=== SUPPLIED RECORDS ===
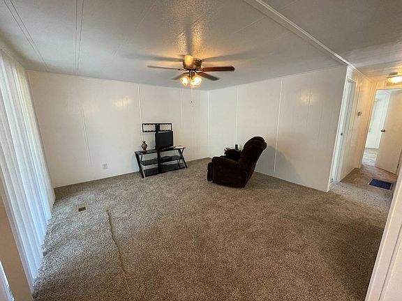 Complete remodel in the 55+ Community of Carriage Cove. Remodeled kitchen with new appliances, brand new carpet throughout. Completely updated interior, paint. Screened-in front porch - 20'x10' Newer A/C unit blows hard and cold! Metal roof, lasts forever. Lot rent is only $731
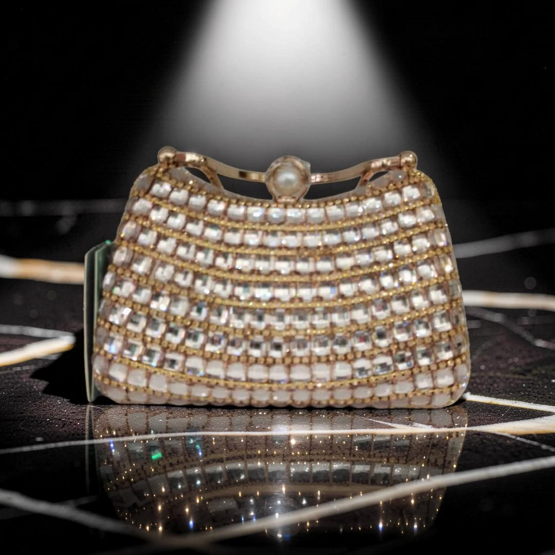 حقيبة سهرة نسائية (كلاتش) بتصميم فاخر وأنيق، مرصعة بالكامل بصفوف منتظمة من أحجار الكريستال اللامعة والخرز اللؤلؤي، وتتميز بإطار معدني ذهبي ومقبض علوي مزين بقطعة كروية تشبه اللؤلؤ، مما يجعلها قطعة مثالية لإضافة لمسة من البريق إلى فساتين المناسبات والأعراس.
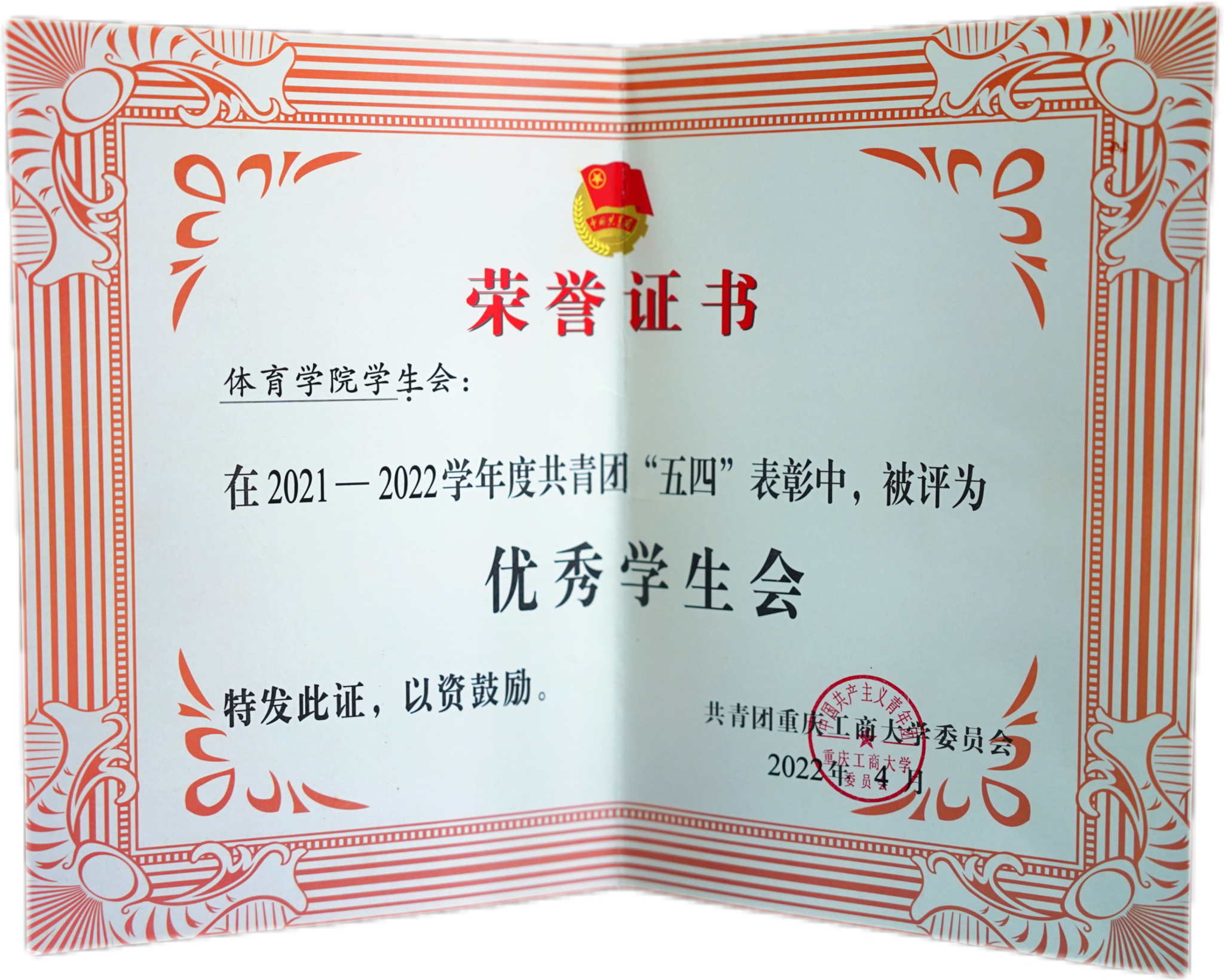 荣获共青团“五四”表彰优秀学生会
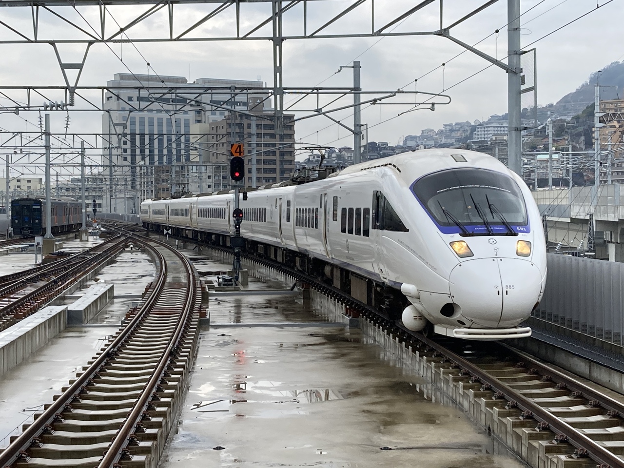 博多から鹿児島本線、長崎本線を経由して長崎までの153.9kmを、1時間50分~2時間10分で結ぶJR九州の特急。1日22往復運転され、毎時1本または2本運行。このほか門司港~佐賀、博多~佐賀、肥前鹿島→博多などの区間特急が数本ある。さらに多客期には臨時列車も数本設定されています。
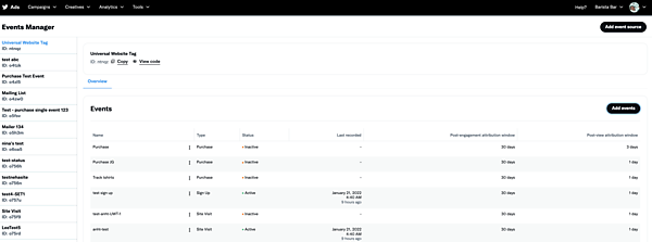 イベントマネージャーは、Twitterウェブサイトタグと関連するウェブベースのコンバージョンイベントを一元管理する画面になる。Twitterウェブサイトタグの設置方法やコンバージョンイベントの設定方法の分かりやすいガイダンスとインターフェースになり、コンバージョンイベントのリアルタイムな取得状況がわかるダッシュボード機能がある。
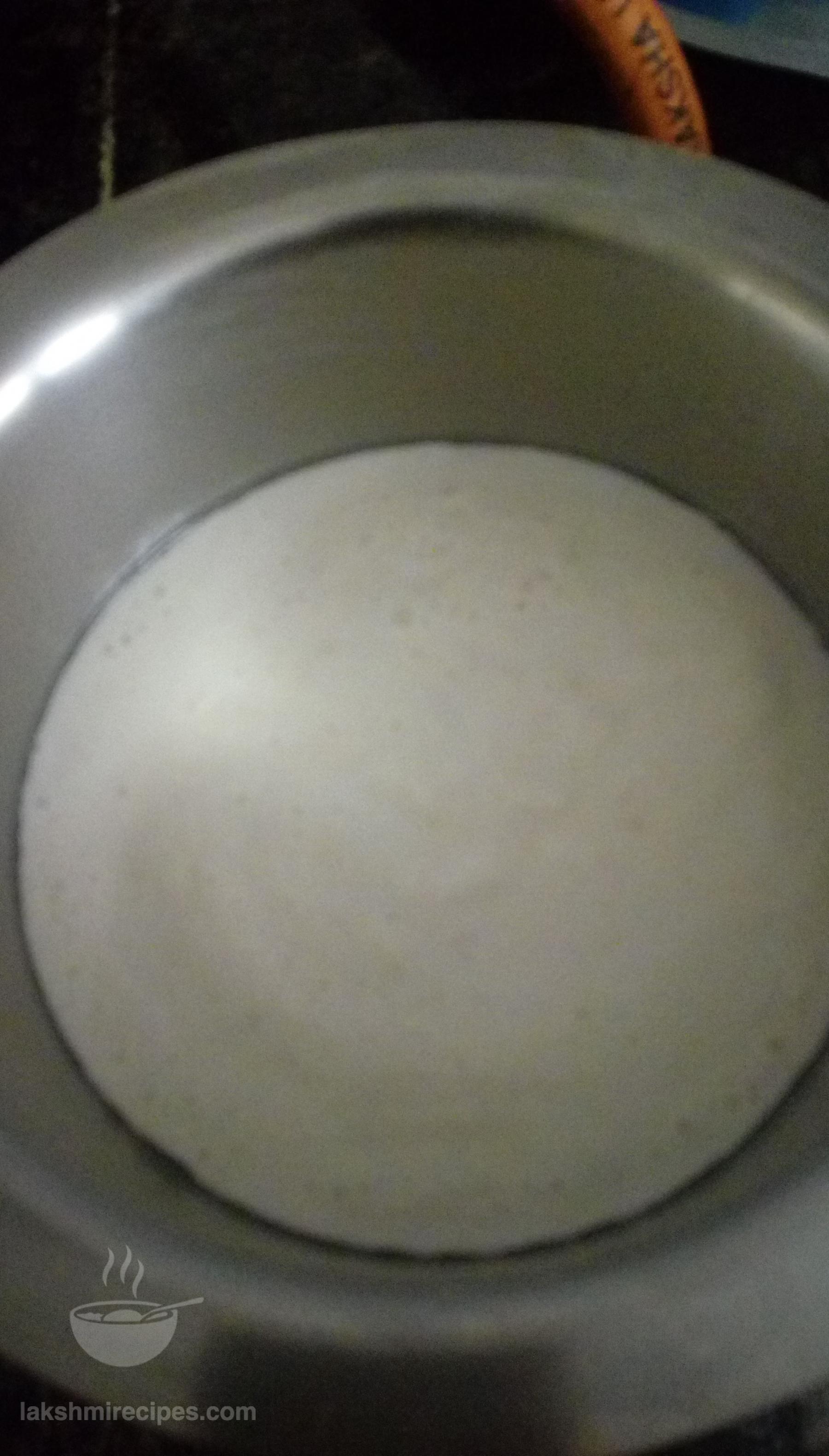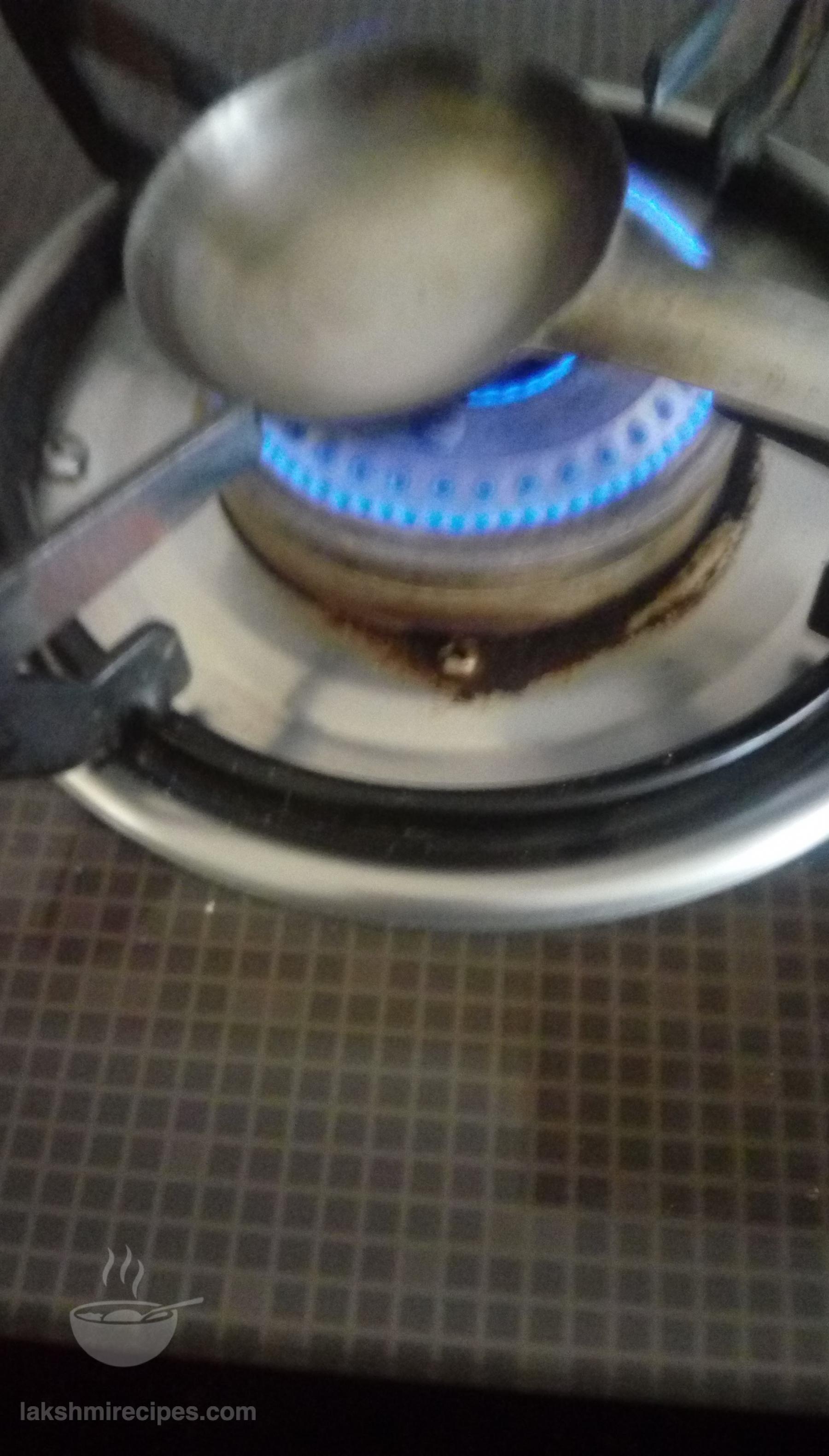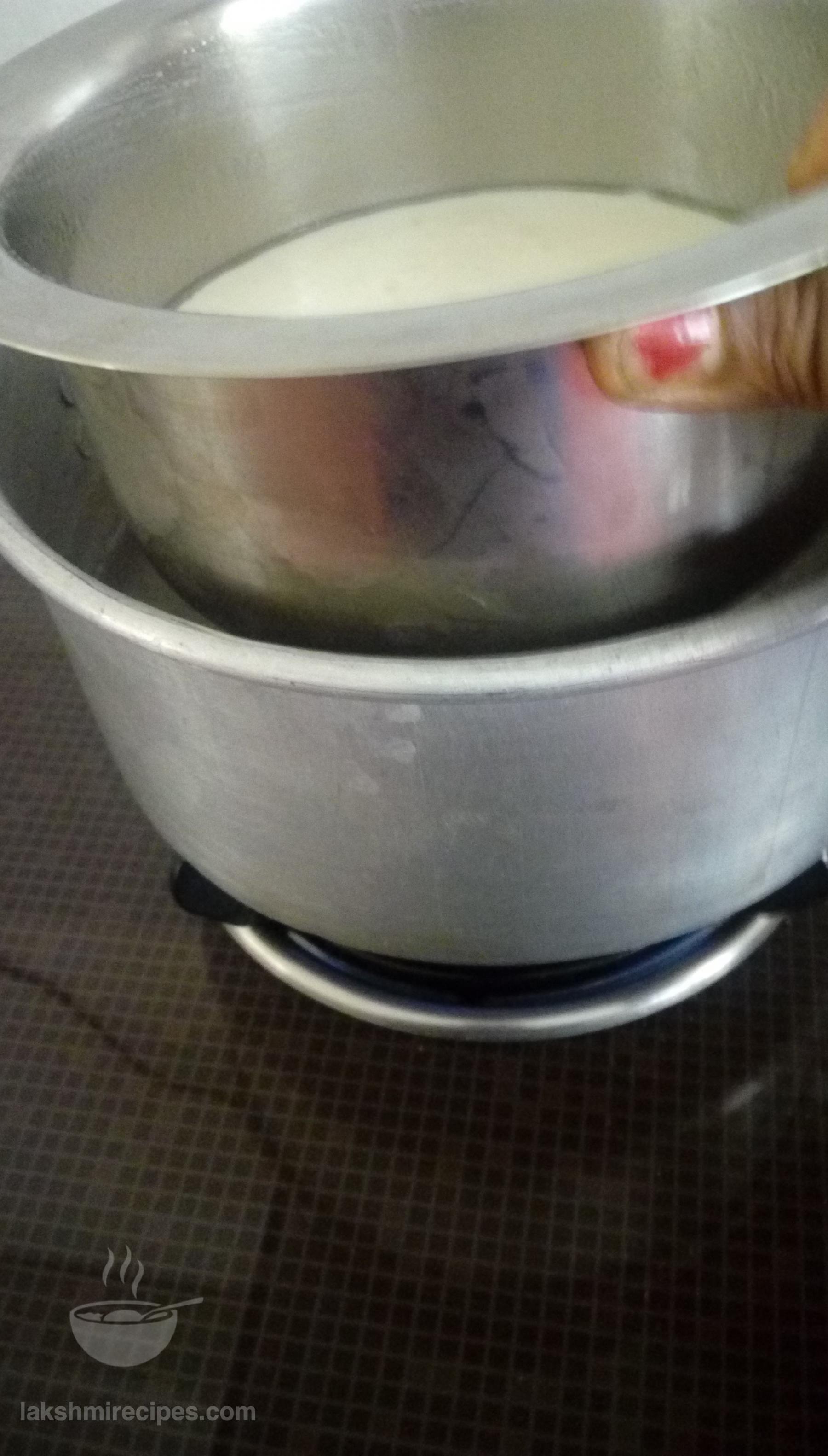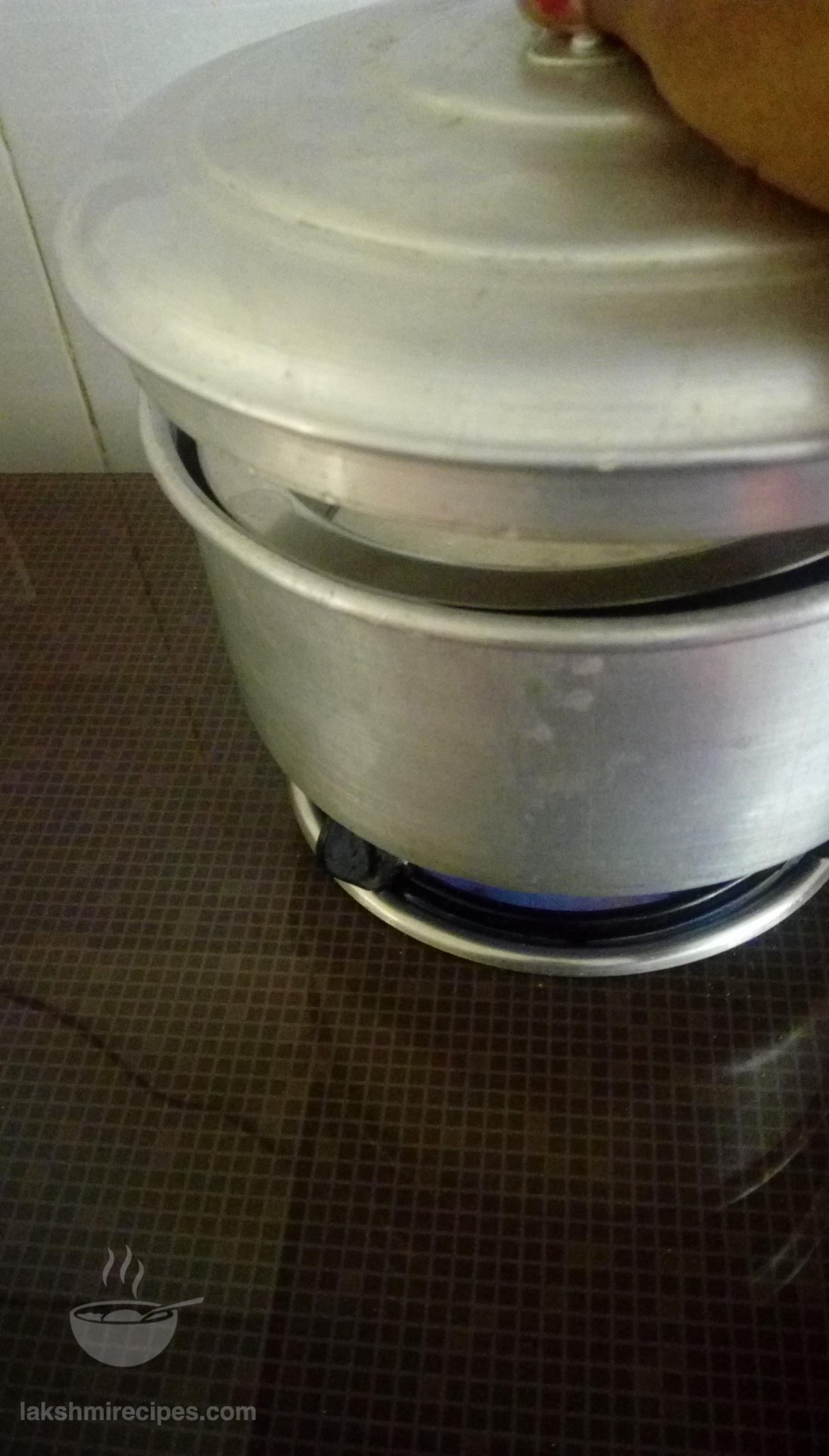 - Place a steamer over the gas stove and add water into it which is half the the height of the vessel containing the batter. Turn on the flame.
===
**YOUR ASSIGNMENT:**
Reproduce exactly the lines above from the one with "博多から鹿児島本線、長崎本線" through the last line of the data, keeping both ends and dropping the pictures.

**TASK RESPONSE:**
 博多から鹿児島本線、長崎本線を経由して長崎までの153.9kmを、1時間50分~2時間10分で結ぶJR九州の特急。1日22往復運転され、毎時1本または2本運行。このほか門司港~佐賀、博多~佐賀、肥前鹿島→博多などの区間特急が数本ある。さらに多客期には臨時列車も数本設定されています。
 イベントマネージャーは、Twitterウェブサイトタグと関連するウェブベースのコンバージョンイベントを一元管理する画面になる。Twitterウェブサイトタグの設置方法やコンバージョンイベントの設定方法の分かりやすいガイダンスとインターフェースになり、コンバージョンイベントのリアルタイムな取得状況がわかるダッシュボード機能がある。
 - Place a steamer over the gas stove and add water into it which is half the the height of the vessel containing the batter. Turn on the flame.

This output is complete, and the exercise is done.